We showed that our results can be largely reproduced without resorting to manual word alignment and annotation (by using off-the-shelf UD parsers and word aligners), which opens the door to productive cross-linguistic explorations. We further showed that syntactic mismatches uncovered using our method are predictive of performance of a zero-shot parser trained on English and using mBERT embeddings as input.
By Jens E. L. Van Gysel, Meagan Vigus, Pavlina Kalm,Sook-kyung Lee, Michael Regan, William Croft
Summary by Jens E. L. Van Gysel, University of New Mexico
The world’s languages vary widely in the semantic distinctions they conventionally express. This complicates the development of multilingual semantic annotation schemes: regardless of which annotation categories a scheme proposes, there will be languages in which these semantic distinctions are not explicitly expressed, making it hard for annotators with little linguistic training to recognize them. This paper discusses how principled choices can be made as to the base level annotation categories, and how organizing annotation labels in a lattice structure can accommodate languages which defy these base level categories.

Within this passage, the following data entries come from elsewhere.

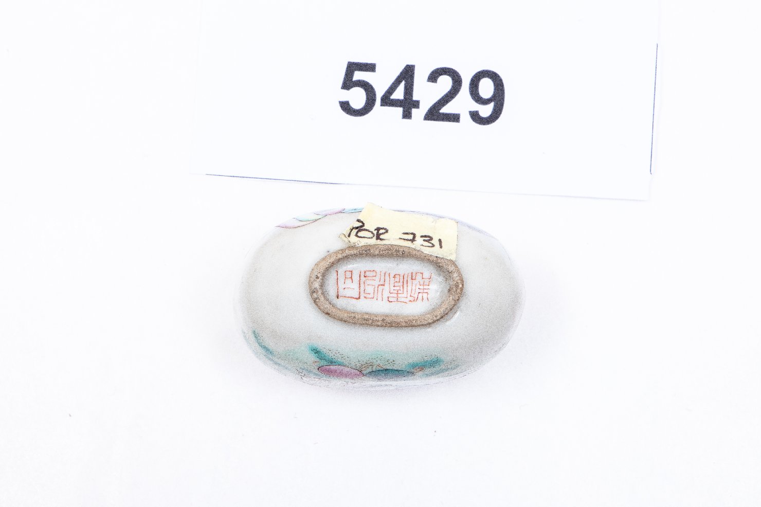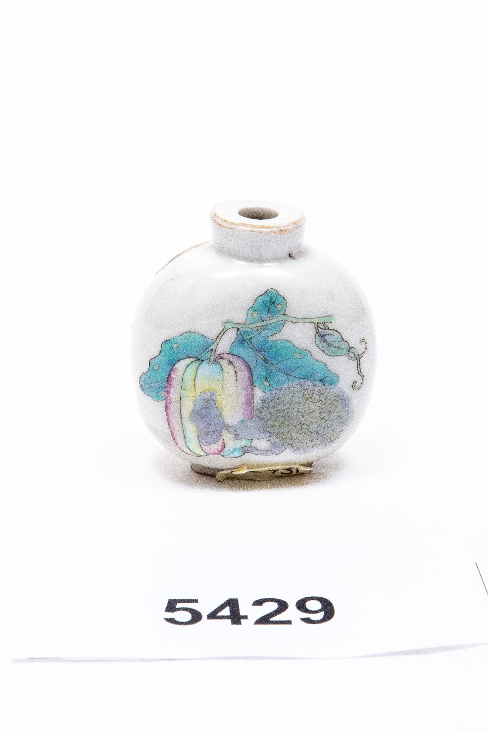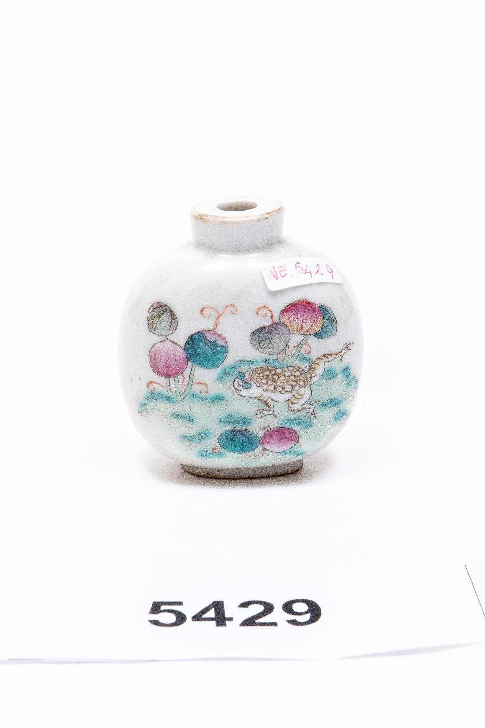 Tabacchiera in flacone detta anche "snuff bottle" in porcellana policroma. La decorazione è diversa sui due lati: da un parte un porcospino mangia una zucca, mentre sull’altra un rana salta in mezzo ai funghi su un prato. Sotto la base presenta un marchio riportante l'anno di fabbricazione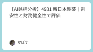 キャピタルゲイン狙い銘柄 【AI銘柄分析】4931 新日本製薬|割安性と財務健全性で評価 企業紹介「パーフェクトワン」ブランドを主軸とし、化粧品・健康食品・医薬品の企画・販売を手掛けるファブレス企業です。国内オールインワン化粧品市場でトップシェアを誇り、DTC(Direct to Consumer)モデルと膨大な顧客データベース... 2025.12.27 AI評価★★★★☆【攻】キャピタルゲイン狙い銘柄管理人注目度★★★☆☆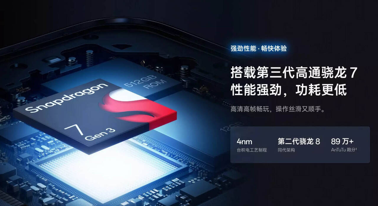 ▼SoCにはSnapdragon 7 Gen 3を搭載。↓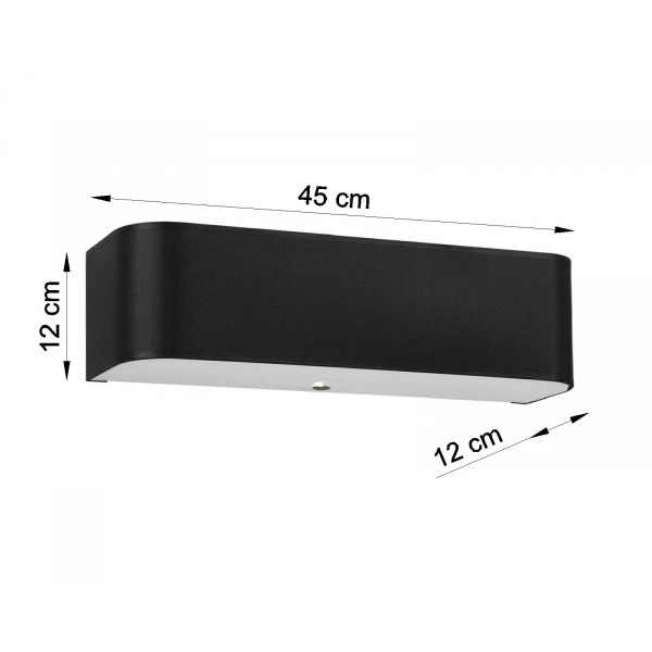 LOKKO SL.0778 to nowoczesna lampa ścienna z dwoma źródłami światła. Wykonana została z wysokiej jakości tkaniny, stali oraz szkła. Lampa posiada czarny abażur zamknięty od spodu szybą, która równomiernie rozprasza światło. Oprawa będzie idealnym wyborem do wnętrz urządzonych w nowoczesnym oraz minimalistycznym stylu. Doskonale będzie się prezentować w: salonie, jadalni, sypialni, pokoju młodzieżowym, gabinecie, biurze, lokalu, korytarzu, przedpokoju. Wysokość lampy to: 12 cm, szerokość 45 cm, głębokość 12 cm. Źródłem światła jest żarówka typu E14 o mocy max 60W w ilości 2 szt.

Two heuristics are proposed for establishing subdivisions of semantic domains with maximal cross-linguistic applicability. Firstly, annotation labels should be typologically informed in capturing semantic distinctions made by the majority of the world’s languages. Secondly, conceptual categories chosen as base annotation labels should be highly salient in real-world experience, and definable in non-ambiguous ways, in order to allow annotators for languages which do not explicitly distinguish them to recognize them. Even if such precautions are taken, some languages will have more fine-grained categories (i.e. distinguish subcategories within the chosen annotation categories), more coarse-grained categories (i.e. lump together some of the chosen annotation categories), or cross-cutting categories (i.e. make distinctions in semantic space which overlap with those chosen for the annotation labels).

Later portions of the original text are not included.